[RECORD EXCERPTS]
▬▬▬▬▬▬▬▬▬▬

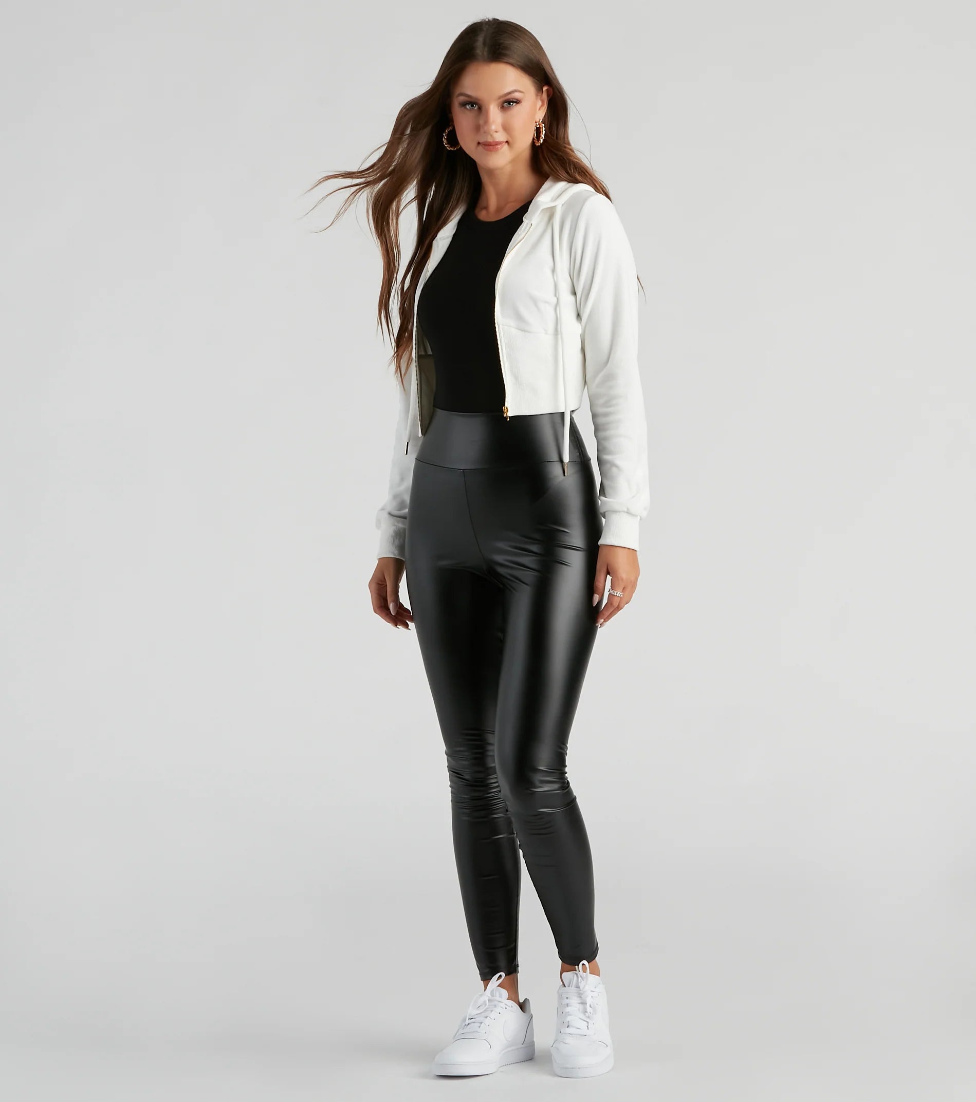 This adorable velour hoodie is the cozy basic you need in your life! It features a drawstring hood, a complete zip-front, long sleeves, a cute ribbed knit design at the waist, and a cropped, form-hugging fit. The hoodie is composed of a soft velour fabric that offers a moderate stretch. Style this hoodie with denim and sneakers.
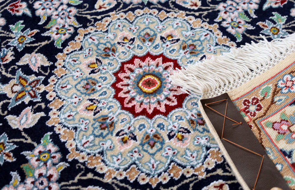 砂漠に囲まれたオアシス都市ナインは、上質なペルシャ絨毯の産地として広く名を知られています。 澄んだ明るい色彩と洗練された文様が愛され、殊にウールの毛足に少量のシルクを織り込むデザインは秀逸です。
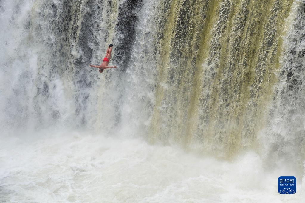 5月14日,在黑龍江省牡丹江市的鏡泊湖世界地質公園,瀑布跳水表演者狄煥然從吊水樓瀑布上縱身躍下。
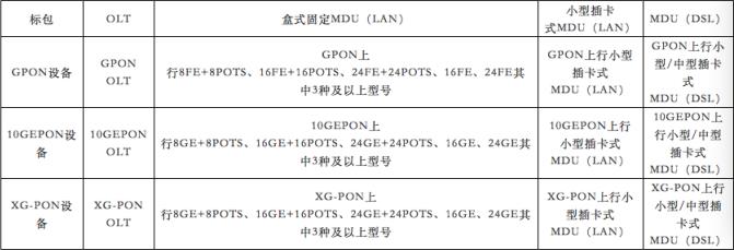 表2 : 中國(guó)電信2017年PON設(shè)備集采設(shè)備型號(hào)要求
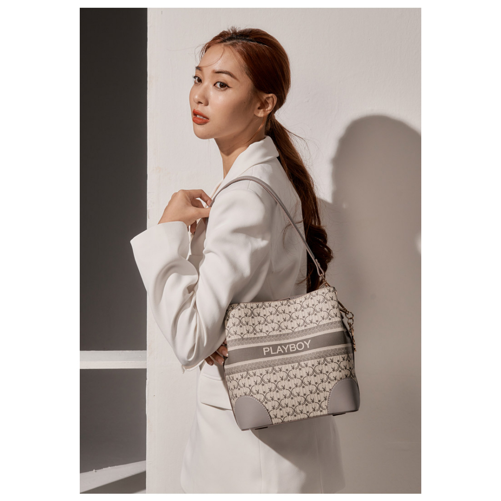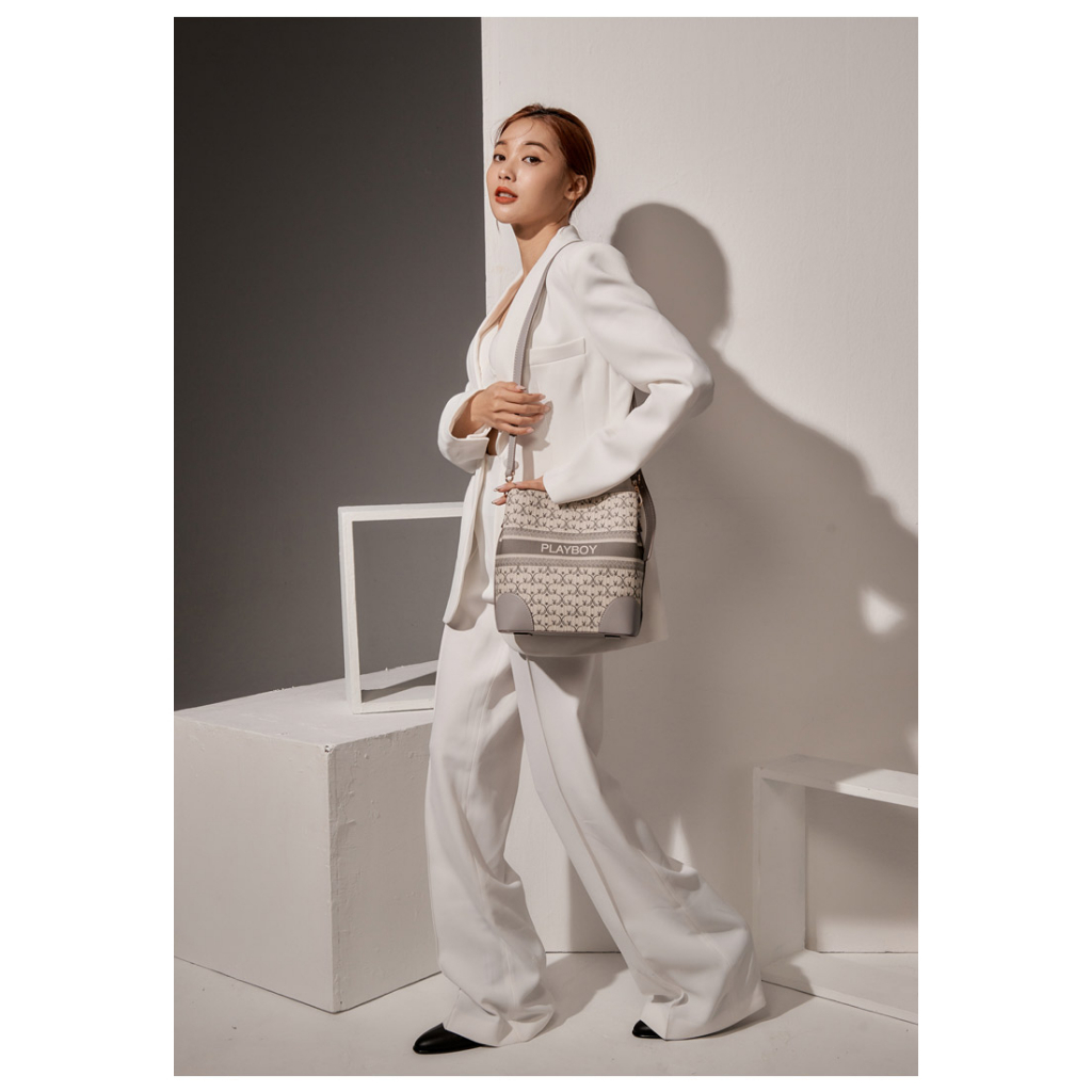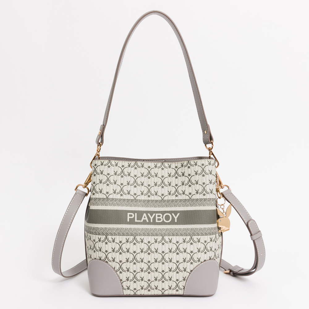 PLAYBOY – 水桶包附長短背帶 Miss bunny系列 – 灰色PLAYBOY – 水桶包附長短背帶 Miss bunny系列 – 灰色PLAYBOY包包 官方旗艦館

▬▬▬▬▬▬▬▬▬▬

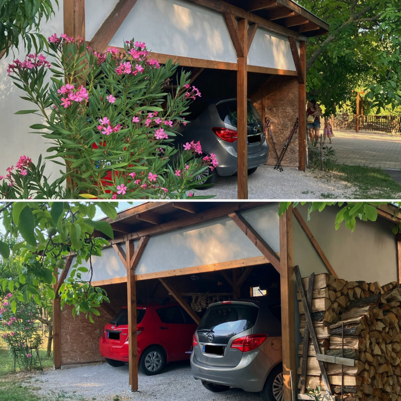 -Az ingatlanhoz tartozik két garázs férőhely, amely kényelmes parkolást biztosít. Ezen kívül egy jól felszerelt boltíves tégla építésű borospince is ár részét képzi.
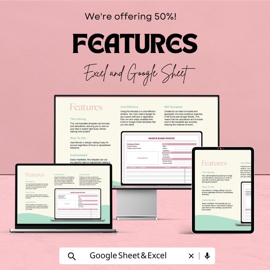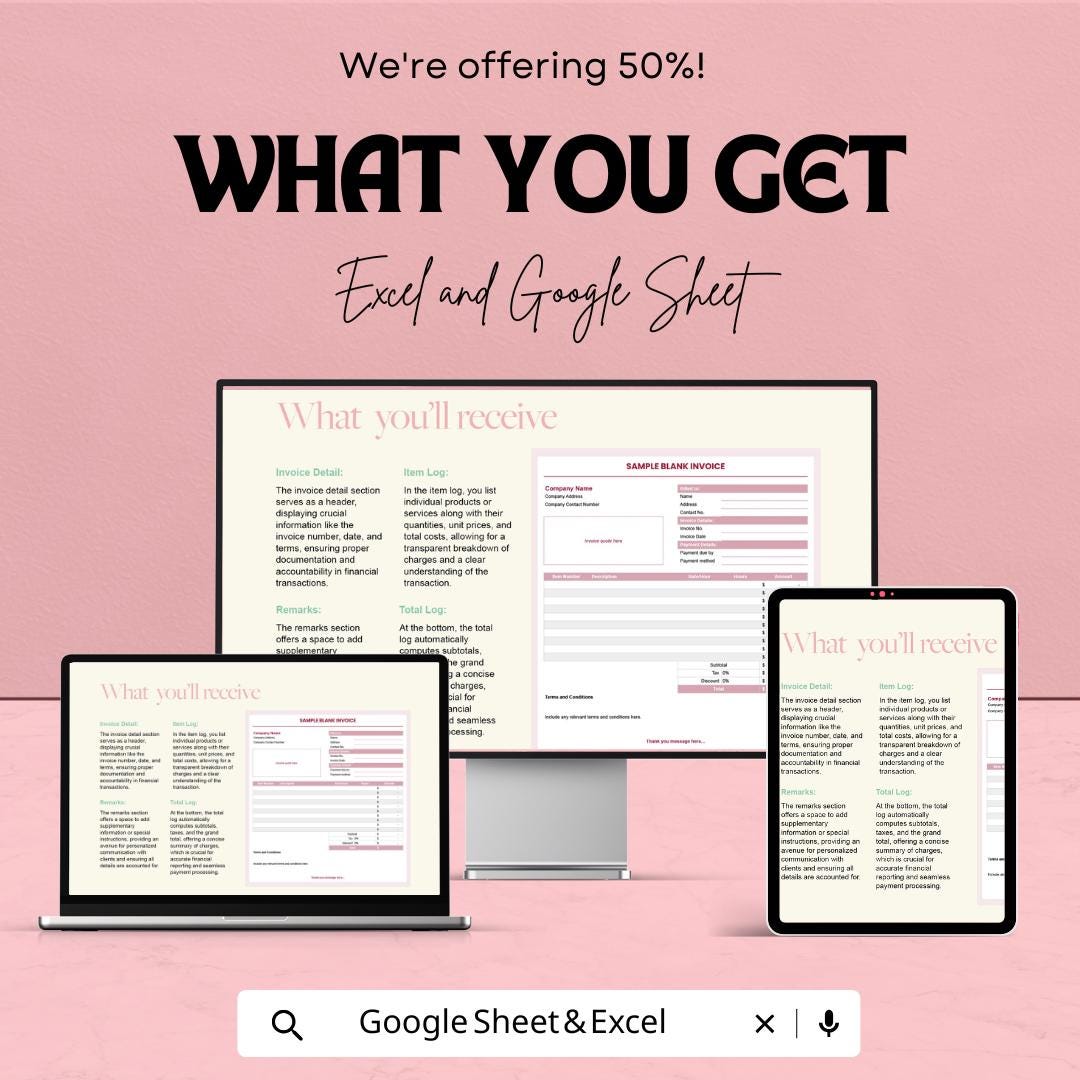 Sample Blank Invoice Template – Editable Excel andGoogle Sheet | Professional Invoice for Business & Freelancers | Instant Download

▬▬▬▬▬▬▬▬▬▬

[TRY IT]
The output is the stretch above from the line with "This adorable velour" through the line with "PLAYBOY – 水桶包附長短背帶 Miss bunny系列 – 灰色PLAYBOY", copied word for word with both ends kept and every picture dropped.

[EXERCISE SOLUTION]
 This adorable velour hoodie is the cozy basic you need in your life! It features a drawstring hood, a complete zip-front, long sleeves, a cute ribbed knit design at the waist, and a cropped, form-hugging fit. The hoodie is composed of a soft velour fabric that offers a moderate stretch. Style this hoodie with denim and sneakers.
 砂漠に囲まれたオアシス都市ナインは、上質なペルシャ絨毯の産地として広く名を知られています。 澄んだ明るい色彩と洗練された文様が愛され、殊にウールの毛足に少量のシルクを織り込むデザインは秀逸です。
 5月14日,在黑龍江省牡丹江市的鏡泊湖世界地質公園,瀑布跳水表演者狄煥然從吊水樓瀑布上縱身躍下。
 表2 : 中國(guó)電信2017年PON設(shè)備集采設(shè)備型號(hào)要求
 PLAYBOY – 水桶包附長短背帶 Miss bunny系列 – 灰色PLAYBOY – 水桶包附長短背帶 Miss bunny系列 – 灰色PLAYBOY包包 官方旗艦館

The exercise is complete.